Based on the information provided, the same dataset was used for both the K-means algorithm and the PCA and K-means algorithm combination. The K-means algorithm was applied to the dataset to partition it into K clusters based on similarity of the data points. Then, the PCA algorithm was applied to the dataset to reduce the dimensionality of the dataset, and the K-means algorithm was applied again to the reduced dataset to partition it into K clusters.

The Silhouette Score measures the compactness and separation of the clusters, with a score ranging from -1 to 1. A score closer to 1 indicates better clustering performance. In this case, both algorithms achieved a Silhouette Score of 70% and 74%, respectively, which suggests good performance in clustering. However, the PCA and K-means combination solution had a slightly higher score, indicating better separation and compactness of the clusters.

The Inertia measures the within-cluster sum of squared distances from each point to its centroid. A lower value indicates better clustering performance. In this case, the PCA and K-means combination algorithm achieved a lower Inertia value of 93.77, compared to 123.19 the K-means algorithm alone. This suggests that the PCA and K-means combination algorithm was able to create more compact clusters.

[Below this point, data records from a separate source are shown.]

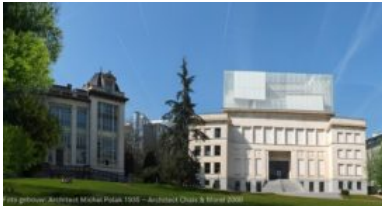
Huis van de Europese Geschiedenis. Foto gebouw: Michel Polak (1935). Architect Chaix & Morel (2000)

Op 4 mei is het Huis van de Europese geschiedenis in Brussel officieel geopend. In dit nieuwe museum, opgericht door het Europees Parlement, heeft Kossmann.dejong samen met tentoonstellingsbouwer Bruns, interactieontwerper Kiss the Frog en audiovisueel ontwerper Shosho de eerste tijdelijke tentoonstelling 'Interactions: centuries of commerce, combat and creation' gecreëerd.
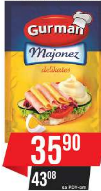
GURMAN MAJONEZ DELIKATES 90ML
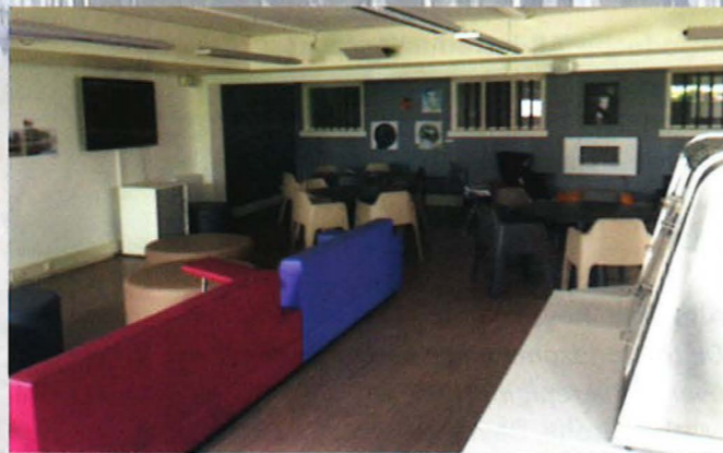
De Common Room

in de common room worden georganiseerd. De eerstejaars zijn en masse aanwezig, wat natuurlijk geweldig is. Ook steeds meer tweede- en derdejaars weten de weg naar het tweewekelijkse festijn te vinden, en dat is goed nieuws voor de Den Haag – Leiden bonding. Leiden wordt overigens niet achtergelaten voor wat het is. De After Tentamen Borrel vond uiteraard weer plaats bij Grand Café Van Buuren en tijdens het tweeletter (IL) en AraB.I.L.ian nights feest konden de Leidse studenten ook even stoom afblazen na alle studie uren. Naast activiteiten worden de eerste contacten in

The Calinski-Harabasz Index measures the ratio of between-cluster variance to within-cluster variance. A higher value indicates better clustering performance. In this case, the PCA and K-means combination algorithm achieved a higher CH Index score of 33.05, compared to 25.26 to the other one. This suggests that the PCA and K-means combination algorithm was able to create more separated clusters.

Overall, it appears that both algorithms performed well in clustering, but the PCA algorithm had slightly better performance, with better separation and compactness of the clusters. The k value of 3 was used for both algorithms, and it seems to have resulted in well-separated and compact clusters.